Wildcard Matching

Shreya Deep
Last Updated: May 13, 2022

Introduction

Matching two strings means that they both should be equal to each other. If we’re given a pattern, it might be containing a few temporary characters denoted by some symbols, which can be replaced with a single or a bunch of alphabet characters. So to match a pattern with a given text, you need to efficiently replace those temporary characters with suitable characters that can lead to the exact given text.

In this blog, we’ll learn how to solve a problem named wildcard matching where we have to determine whether a pattern can be matched to a given text or not. 

Let’s understand the problem statement in-depth to get a better understanding.

Problem Statement

Given a text and a wildcard pattern, determine whether that pattern can be matched with the text or not. The matching should cover the entire text. Return true if the pattern can be equated to the text otherwise, false. 

Note:   

  • The wildcard pattern can include characters ‘?’ and ‘*.’ 
  • ‘?’: matches any single character.
  • ‘*’: matches any sequence of characters (including the empty line)
  • Each occurrence of ‘?’ can be replaced with any character, and each occurrence of ‘*’ can be replaced with a sequence of characters such that the wildcard pattern becomes identical to the input string after replacement.


For example: 

INPUT : Text - “adceb”  Pattern - “*a*b”

OUTPUT:  true

Explanation: the ‘*’ at the 0th position of the pattern can be replaced by an empty sequence, and the ‘*’ at the 2nd position can be replaced by “dce.”

INPUT : Text - “acdcb”  Pattern - “a*c?b”

OUTPUT:  false

Explanation: No perfect replacement can be done. 
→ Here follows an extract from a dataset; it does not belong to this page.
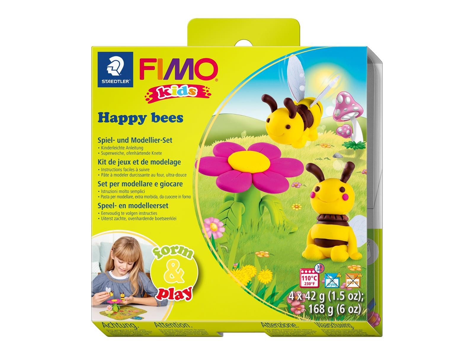 Das FIMO® kids Set „Happy Bees“ aus der form&play-Serie verbindet das Modellieren mit fantasievollem Spielen und bietet kreativen Bastelspaß für Kinder. Mit vier ofenhärtenden Blöcken (je 42 g) in Gelb, Hellgrün, Pink und Braun und einem Modellierstab können fröhliche Bienenszenen gestaltet werden. Die leicht verständliche Schritt-für-Schritt-Anleitung und der dekorative Spieluntergrund sorgen für kreatives Vergnügen. Lustige Aufkleber und Bastelbögen steigern den Spielwert. Diese weiche Modelliermasse fördert Feinmotorik, Kreativität und Fantasie. Verpackt in einer praktischen Aufhänge- oder Aufstellverpackung – ideal zum Sammeln und Aufbewahren.
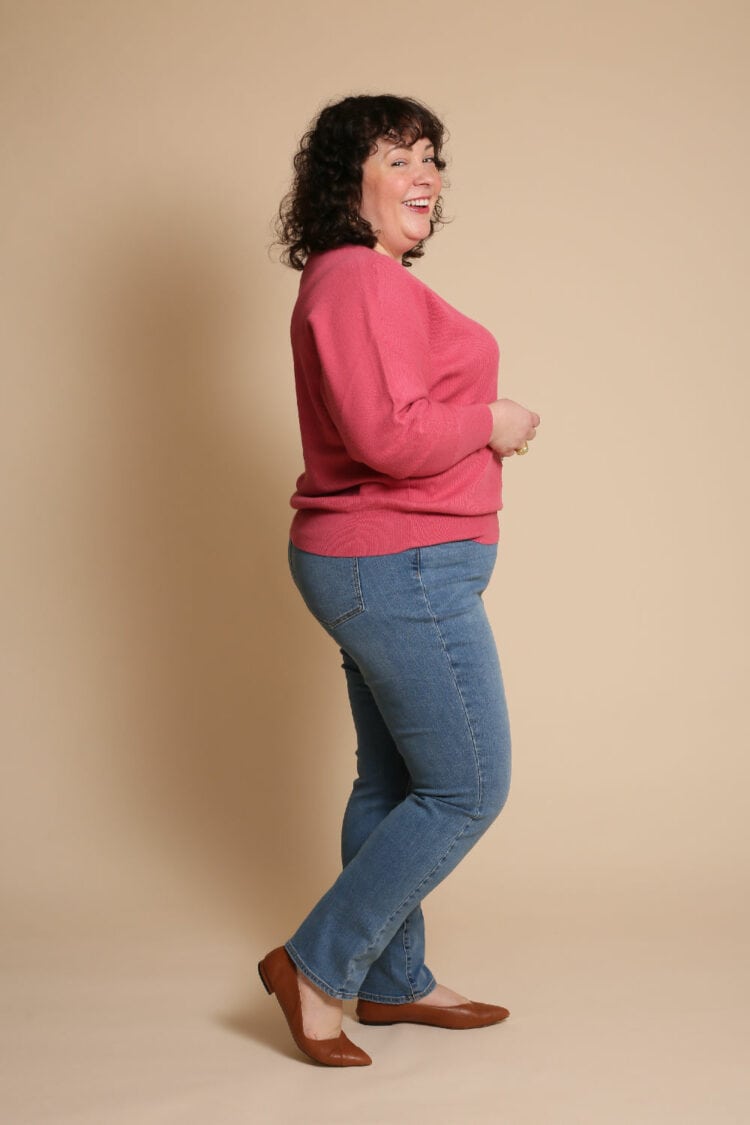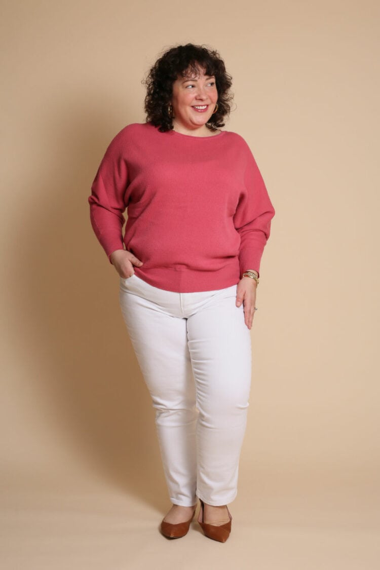 I previously wore this coral batwing sweater with white jeans. I was surprised how much I liked the sweater. When I got home from the shoot, I kept on the sweater but changed from the white jeans to a faded pair in a different silhouette. It was astounding how different the sweater looked, and I looked, with a change of denim wash. It was such a fantastic example of how the wash and cut of your jeans can really transform any look.

Recommendation:  Please solve it on “CodeStudio”, before moving on to the solution.

Solution Approach 

First, let’s see the different types of characters in the pattern p.

There can be 3 cases:

  • Case 1: if p[i] == ‘?’
    • Replace the ‘?’ with the current character in the text string and move to the next character in both the text and the pattern.
       
  • Case 2: if p[i] == some alphabet
    • See if the alphabet is equal to the current character in the text string. If it is similar, move to the next character in both the text and the pattern. Otherwise, return false.
       
  • Case 3: if p[i]==’*’ 
    • There are two choices - 
      • We can match this ‘*’ to an empty sequence and move on to the next character in the pattern.
      • Match ‘*’ with a sequence of characters starting with the current character of the text string. Therefore, move to the next character in the text string, and the pattern string stays at the same position.

Approach 1: Recursion

Implementation of the above idea using recursion is as follows
 

#include<iostream>
#include <bits/stdc++.h>
using namespace std;

bool isMatch(string s, string p, int i, int j){
//If you have reached the end of the pattern and you also reached the end of the text, then it's a match. Else it's not. 
if (j == p.size())
    return (i == s.size());
//Whenever the text string is empty or we're at the end of the string, the 
//pattern string can only be matched if it equals '*" because the '*' can be 
//replaced by an empty string.
if (i == s.size())
{
    for (int k = j; k < p.size(); k++)
        if (p[k] != '*'return false;

    return true;
}
//If we have a same character or a '?' they simply match so move ahead in both pattern and text.
if ((p[j] == s[i]) || p[j] == '?')
{
    return isMatch(s,p, i + 1, j + 1);
}
if (p[j] == '*')
{
    return isMatch(s, p, i , j + 1) ||    //Ignore the pattern and match with next character in pattern
          isMatch(s, p, i+ 1, j);      //Match multiple characters in string with '*'
}
return false;
}

int main(){
    string s,p;
    cin>>s>>p;
    if(isMatch(s,p,0,0)){
        cout<<"YES"<<endl;
    }
    else{
        cout<<"NO"<<endl;
    }
    return 0;
}

Input

s= adceb

p = *a*b

Output

YES

Time complexity

O(2n), where n is the length of string p and m is the length of string s.

Space complexity

O(n*m), where n is the length of string p and m is the length of string s.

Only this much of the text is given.